Advisors Shouldn't Be Your Friend
What I’m really upset about is this: Your agent should never be your friend, ever. I'm never going to be your friend, but I'm going to be the best damn advisor you've ever had. Why? Because I'm going to be brutally factual. I'm going to tell you if you need an annuity. I’ll tell you if you don’t need one. I’ll tell you how much money I think you should put in, and I’ll tell you if I think you're putting too much in. I know the sales gods are looking down upon Stan The Annuity Man saying, “Don’t do that. Please don’t do that.” In fact, one of my favorite things to do when you’re running a quote like a Single Premium Immediate Annuity, a Deferred Income Annuity, a Qualified Longevity Annuity Contract, or an Income Rider quote when you want specific income; I like doing a reverse engineer quote, which means we’re going to use as little money as possible to provide the highest contractual guarantee for your specific situation.
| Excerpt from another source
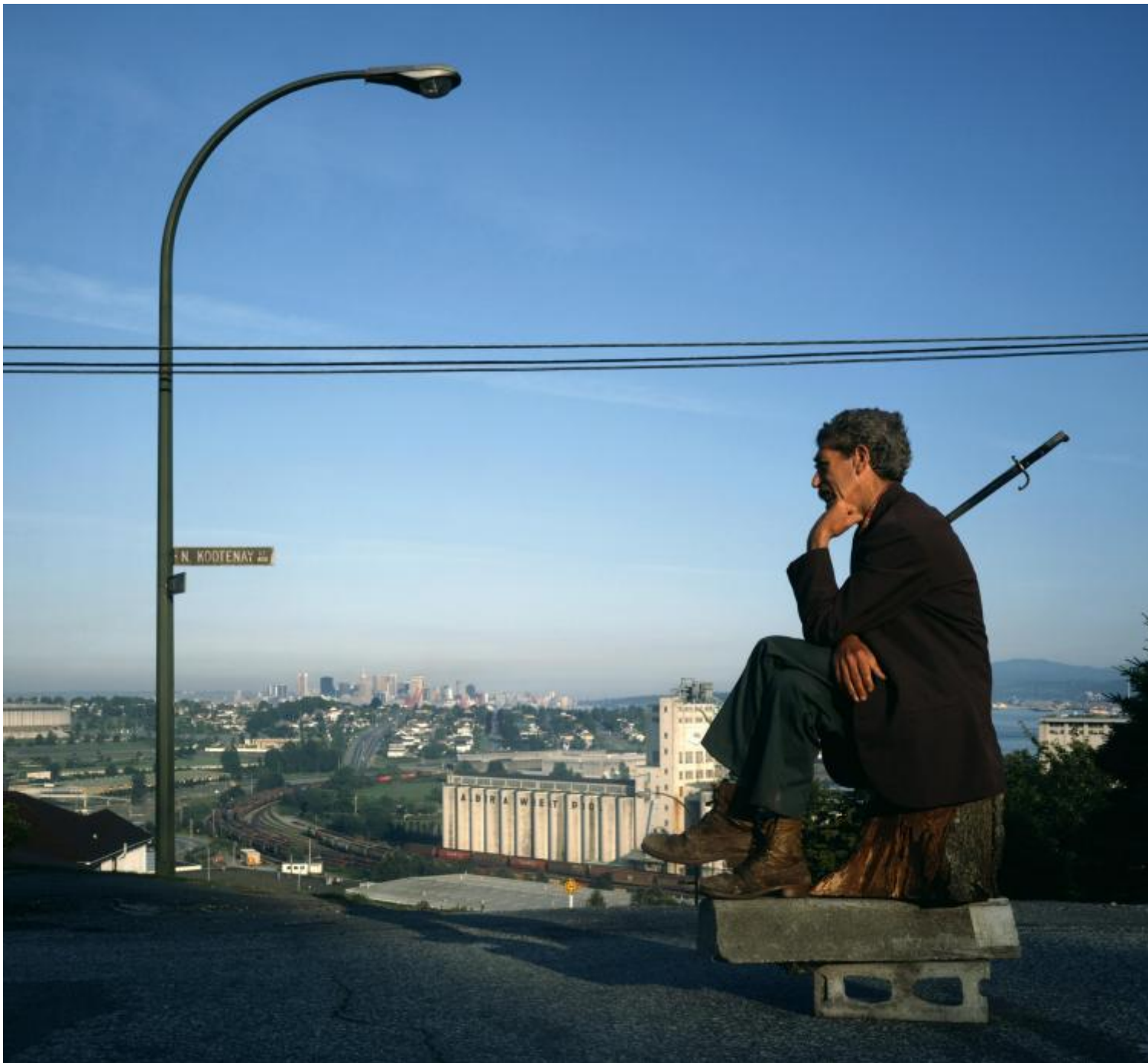
Jeff Wall, The Thinker , 1986

La cosa che mi colpisce di più in Wall è la tensione tra estetica dell'istantanea e ricreazione artificiale che esiste nei suoi lavori, in altre parole la tensione tra "effetto di realtà" e finzione nel medium fotografico. Qual è la tua idea in proposito?

I’m not just going to accept you saying, “Hey, I’d like to put $400,000 in there.” I’m going to say, “Why? Why are you doing that?”
Setting Boundaries with Advisors
Now, getting back to the friend part, I’m not saying I’m going to be mean to you on the phone. I’m not, but we’re never going to go golfing. We’re never going to eat out together, and we’re never going to exchange Christmas cards, ever. But you’re going to be so happy with how I do business. I’m brutally factual. I’m the walking middle finger of annuity truth. I have no problem being that person when it comes to money. And when it comes to money, you don’t need friends to advise you unless it’s your son-in-law and he’s starving and you want your daughter to have a nice house. That’s the only excuse I’ll give you. Other than that, if someone tries to be chummy with you and starts showing you all this stuff about their life, that’s garbage. Because what happens is that false trust will lead to mistakes with your money. It always happens. I always hear, “Well, Stan, I bought this annuity from a friend.” Right then, I know it’s going to be a problem. Right then, I know they didn’t do the due diligence.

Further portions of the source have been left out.